When I was a kid, I was convinced my grandfather was Santa. He even looked like Santa. He had the bushy white beard that was soft but tickled your cheek. He had the big tummy and even the twinkle in his eye. I was always passionate about my friends meeting my grandparents because then they'd get to know the real Santa too.

As I grew older, I still retained that child-like faith of Santa because to me, he was real. I got to see him every time I went to Decatur. When I about 12 or 13, my grandma admitted to me that my grandfather always ate the Christmas cookies we left out. Even though my sisters and I were all old enough not to believe in Santa, we still left cookies for my grandfather to eat. And my grandfather, in true Santa form, left us little notes on the cookie plate. Mostly "Yum, yum, yum" or "Be good."

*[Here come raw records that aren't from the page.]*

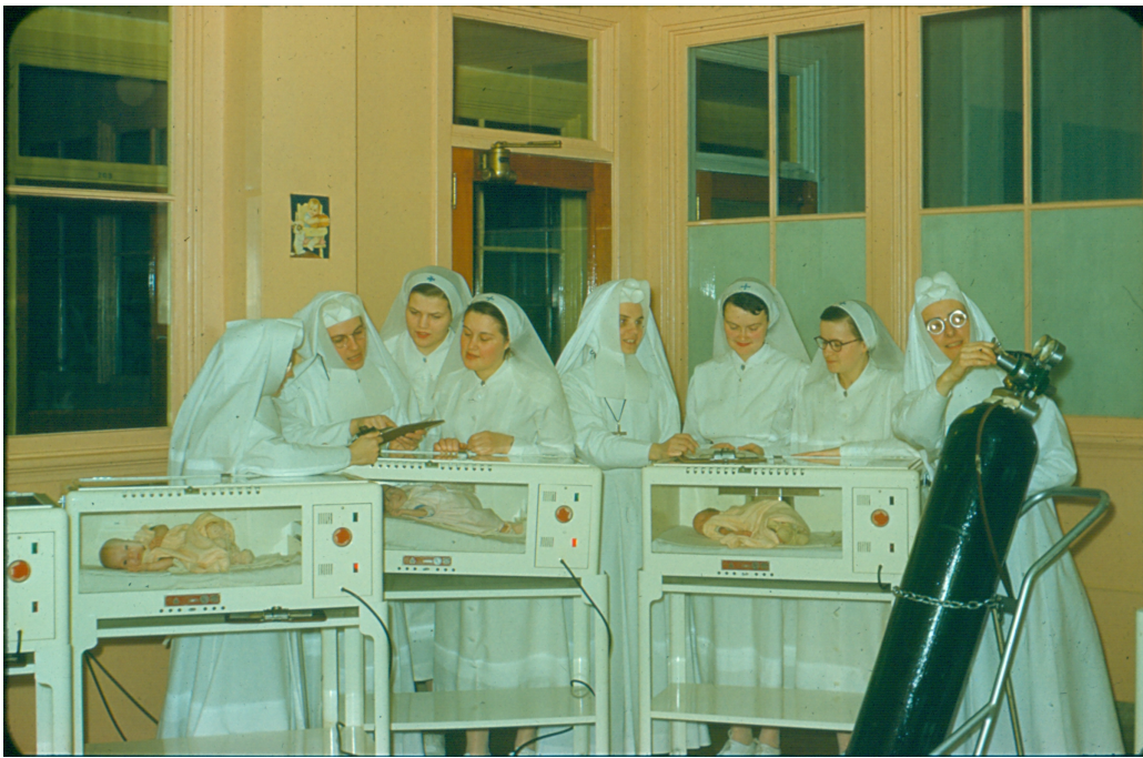
« Des étudiantes surveillent des bébés en incubateur », s.d..

En 1966, le programme des écoles de la FEPPPQ est unifié et supervisé par des pédiatres. La formation est portée à deux ans, soit 480 heures en plus des stages
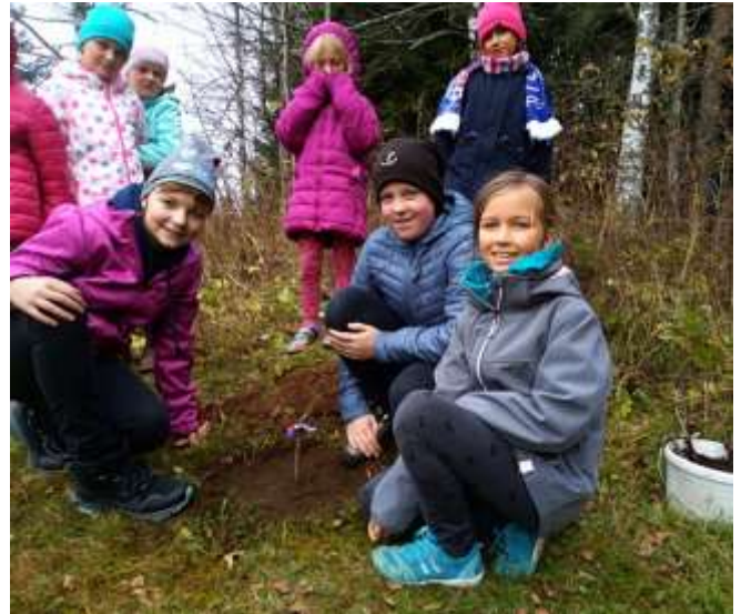
naše nová lípa na školní zahradě

Nezapomněli jsme však také na narozeniny naší republiky a celý jeden den jsme s ní slavili. Darovali jsme jí také dva nové stromy na zahradě.
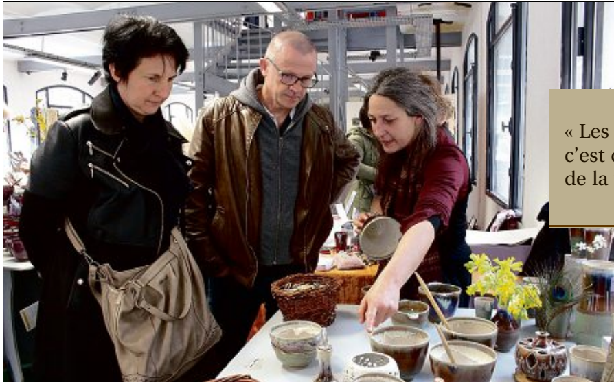
Lors de l'édition précédente, 1.500 visiteurs sont venus à la rencontre des artisans de l'Usine du May.

Si la manifestation, à l'échelle européenne, est organisée pour la 13 e année consécutive, pour Thiers, ce sera la 4 e édition. Et si la recette est la même, les organisateurs sont parvenus, encore une fois cette année, à varier les ingrédients. « Sur les 22 artisans (dont 8 d'entre eux à découvrir ci-contre) qui seront présents à l'Usine du May, notre objectif est de proposer des nouveautés, et de diversifier les métiers. Nous sommes donc assez contents de faire des nouvelles pro-
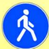
4.5.1. «Пешеходная дорожка»
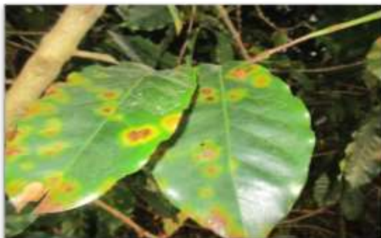
चित्र: पातको माथिल्लो भागमा देखिएको सिन्दुरे रोगको लक्षण
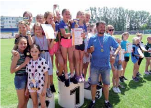
Reprezentacja dziewcząt SP Nr 2 w Żychlinie zajął drużynowo drugie miejsce.
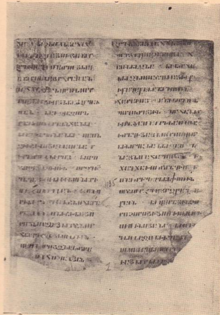
էջ Ազաթանգեղոսի «Հայոց պատմություն»-ից (Մկրտչի Մաշտոցի անվան Մատենադարան, № 1195 պատտիկ, Բ—Ժ դար)

© Երևանի համալսարանի հրատարակչություն, կազմելու և թարգմանության համար, 1983
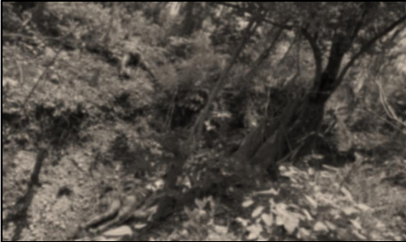
ပုံ (၂-၂) ဒုတိယအကြိမ်ဖြစ်စဉ်
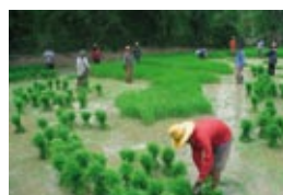
Gestion durable des écosystèmes du Sud
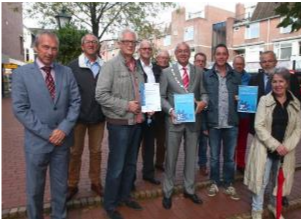
Derde ster KVO

Gelukkig heeft de gemeente vrij kort daarna het aantal fietsenrekken uitgebreid.
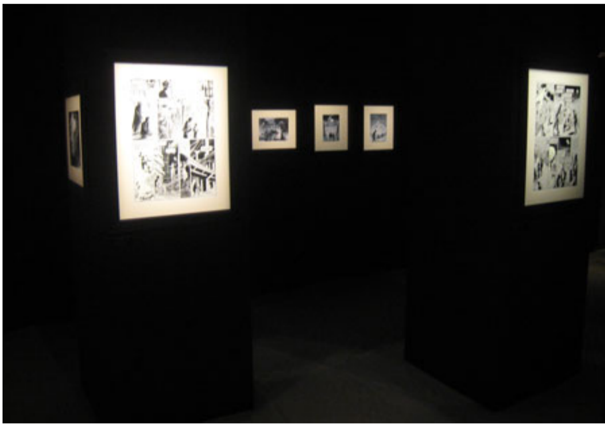
"Lumières sur Brüssel " au centre Wallonie-Bruxelles. Une scénographie qui met les originaux particulièrement en valeur.
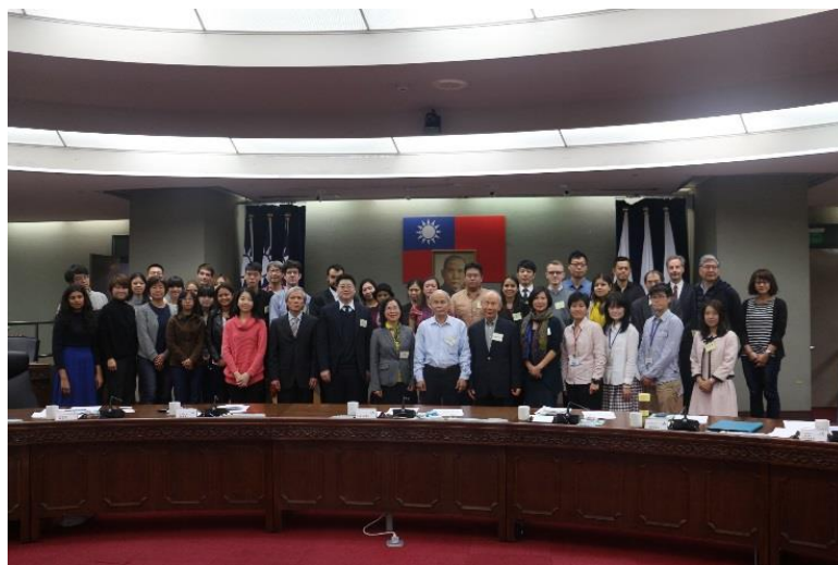
105年度協助案分享茶會

本處協助社會團體及各級學校辦理或參加國際會議或活動時，於不排擠各申請案件前提下，將「促進性別平等」及「促進婦女權益」等相關議題納入協助案評審的加分項目，酌增協助額度。105年已試辦於部分協助案件結合性平議題，建議8個受協助單位參加或辦理國際會議活動時，加入性別意識之研習場次或相關之課程，共計2個單位採行，本處並於105年年底邀請該2單位分享活動辦理成果。
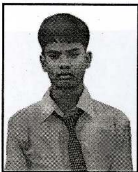
கனகசபை கட்சன் 2B,C (நுண்கலை)
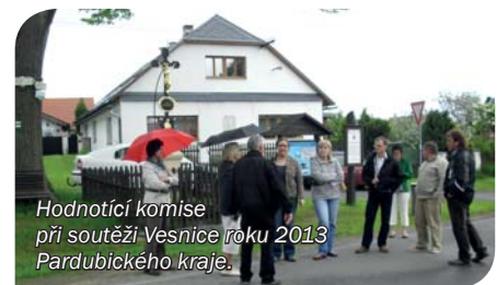
Hodnotící komise při soutěži Vesnice roku 2013 Pardubického kraje.

Možná vás to překvapí, ale je to úplně jednoduché. Stačí systém nastavit tak, aby ten, kdo třídí, byl zvýhodněn, a ne obráceně. Tedy jinými slovy, kdo třídí, by měl ušetřit. Naopak ten, kdo je pohodlný a netřídí, by měl zaplatit více. Každý z nás by měl platit za to, co nevytřídil a ne naopak.

But mostly, he remained Santa to me because he shared 3 of Santa's main traits: talent, commitment and jolliness. When I started thinking about writing my blog, I asked Zack who he though made the toys before the Elves came. He thought about it for a minute and said "Santa." For this to be true, Santa must be a very talented craftsmen. He would be an expert at woodworking, welding and the world's greatest artist. My grandfather equaled Santa's talent. He was a wonderful stained glass artist. After he retired, he traveled to different churches and did stained glass windows for them. One of my most prized possessions is a stained glass frog lamp he made me when I was a teenager. I also discovered shortly after his death that he once entered a citywide stained glass competition and placed 2nd.

He was also a very talented musician and loved music. Every church he ever joined, he immediately joined the choir. He sung with the deepest, richest bass voice that shook the earth when he sang. He loved Southern Gospel Music, especially the Gaithers and had EVERY single Gaither video ever released. He knew all the songs and although I thought the Gaithers were boring, I still enjoyed hearing him sing. He is also the only person I've ever met who plays the dulcimer. Still not sure what it is but it sounds epic.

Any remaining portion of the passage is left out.